Posted by ComForCare on August 29, 2013 at 9:30 AM

seniors-thumjbs-upAs with the rest of your body, the brain needs to be exercised in order to stay sharp and focused. Most middle-aged and older adults are aware that their memories are perhaps not what they used to be, and more frequent lapses in memory during simple tasks, jokingly called “senior moments,” happen to everyone as they get older. Your brain ages along with the rest of your body, which is why recent and short-term memory suffers more as you age compared to long-term memory, and it takes longer to acquire and remember new information.

Changes in your memory can be frustrating as you age, but such normal changes do not need to interfere with daily living. Here are five methods you can employ on a daily basis to keep your brain in shape and your memory sharp.

ACTIVELY OBSERVE and think about what you want to remember. Use all of your senses. Being active in learning information heightens your abilities to look at details more closely, smell, touch and listen more carefully. In other words, pay attention to what or who you want to remember.

ASSOCIATE or link what you want to remember with what you already know. For example, if you meet a new person named Barbara, think about someone you knew in the past named Barbara. You may learn that Barbara is from Boston or owns a poodle or loves to cook. Associate the information you learn about Barbara to other learned memories as this will link the new information and become more meaningful.

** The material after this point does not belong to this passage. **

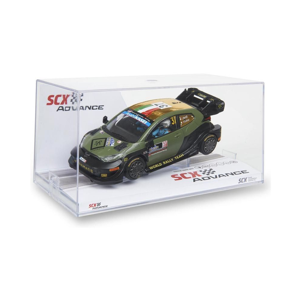 SCX Advance Toyota Yaris WRC Bertelli pályaautó 1:32 méretarányban, 2.0 verzióban, SCX Advance digitális pályákhoz. A játékautó LED világítással van felszerelve. Az alvázon digitális/analóg kapcsoló található - a játékautó így a digitális SCX Advance pályán és az SCX Classic analóg pályán is használható. A játékautó 4x4-es meghajtással rendelkezik.

VISUALIZE a picture in your mind of what you want to remember. Using the example of meeting Barbara, build upon that by visualizing Barbara from Boston cooking a lobster. Sometimes using whacky or fantastical images create the most robust memories, but for most people, it will require some practice as we tend to be very logical and serious as adults.

ACTIVELY THINK and expand on the details that you want to remember. The more details you can gain by listening and asking questions will add more meaning and will likely be remembered.

PRACTICE these or other strategies on a daily basis and you will find that your memory for names and words will improve.